Use the deck for onboarding new employees so they can quickly get to know their colleagues better, and vice versa.
Empower Your Team — and Yourself
You may wish to seek out a professional facilitator or colleague who can act as a neutral moderator. There are also several tech platforms — from Cooleaf to FullTilt to Rising Team — that do much of the work for you. But keep this in mind: Even if you decide to run these activities yourself, you don’t need to be an expert.
“Anyone can do it with the right tools and support,” Dulski said. “You’ll be practicing the skills you want to model and showing your team, ‘I care about you and want to understand you.’ Your team will view you in a different light, and, ultimately, you’ll become a better leader.”
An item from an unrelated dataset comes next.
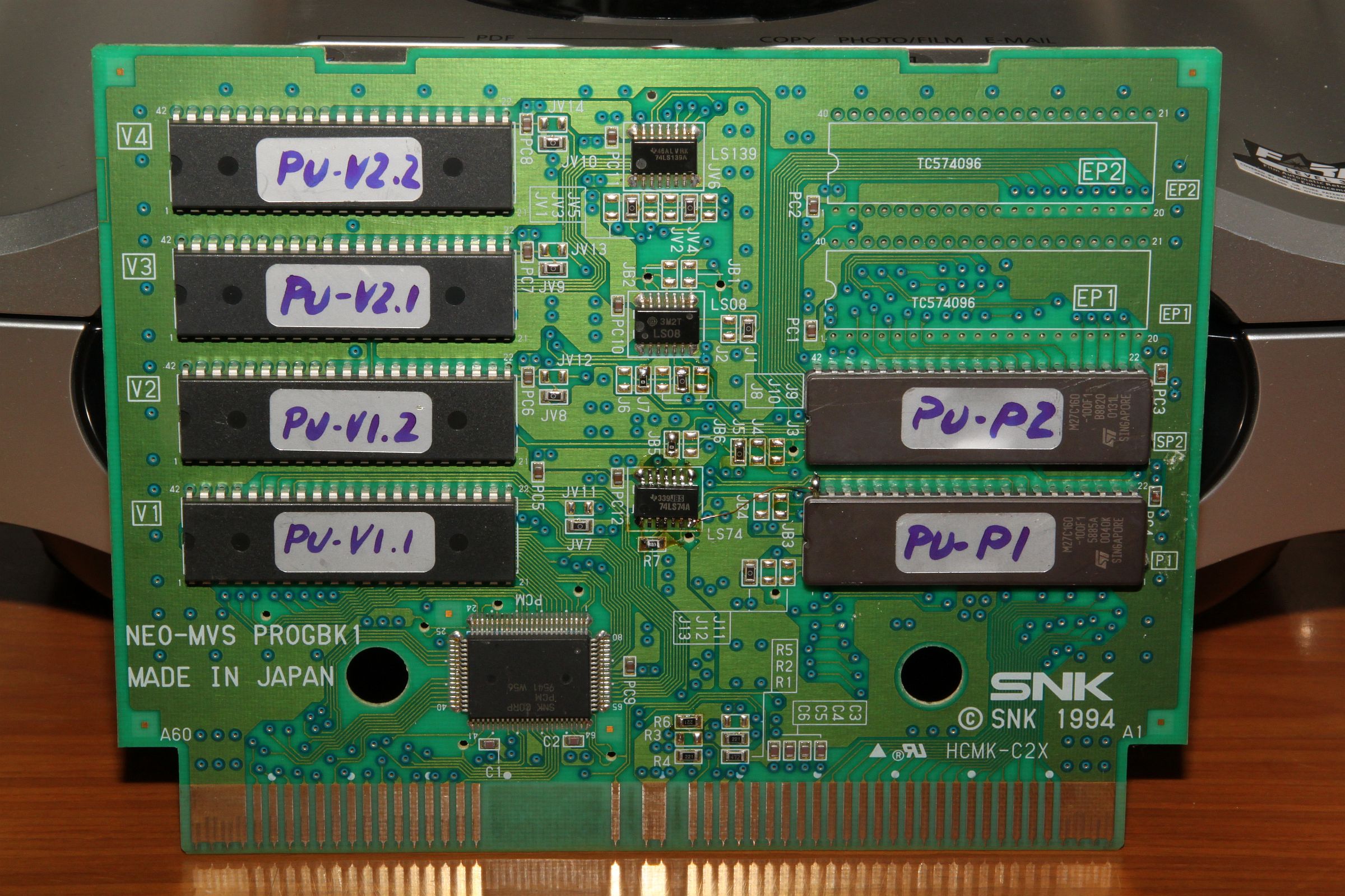 {Pulstar Conversion} Ich will es wissen... Nach Ironclad, Blazing Star, Viewpoint wollte ich meinen Shooterliebling "Pulstar" ausprobieren. Pulstar ist ein echtes EPROM-Grab: alleine die C-ROMs bestehen aus 6 x 27C322 und 2 x 27C160... Da werden die PCBs richtig schwer. Basis für die Conversion sind PROGBK1 und CHA256... Ich hatte es erst einmal mit CHA256B probiert (lag halt gerade da...), obwohl die Jumperbelegung da nicht ganz geklärt ist... Leider war das Ergebnis nicht 100% befriedigend, ein kurzer Teil im Attract-Modus hat Grafikfehler, das Spiel ist sonst aber völlig fehlerfrei... komisch...

Member Resource: Managing Organizational Communication
Tips for Success
Determine the right format: Before choosing activities, identify your team members’ specific capabilities, needs, and challenges, so that you’re meeting them where they are.
Create a consistent schedule: Work these exercises into your team’s regular activities — a half day each month, 15 minutes in your weekly team meeting, etc.
Establish ground rules: Make it clear upfront that everyone can contribute ideas freely and all voices will be heard. Everything goes on the whiteboard — there’s no “no” here.
Ensure focus: Structure activities so everyone can step away from their day-today functions and be present in the moment.
Capture the data: Document your team’s responses and learnings to recall them later.
Avoid hybrid events: Don’t run an activity where some people are physically in the room while others are not, as this creates an uneven playing field. Everyone should either attend in person or participate remotely.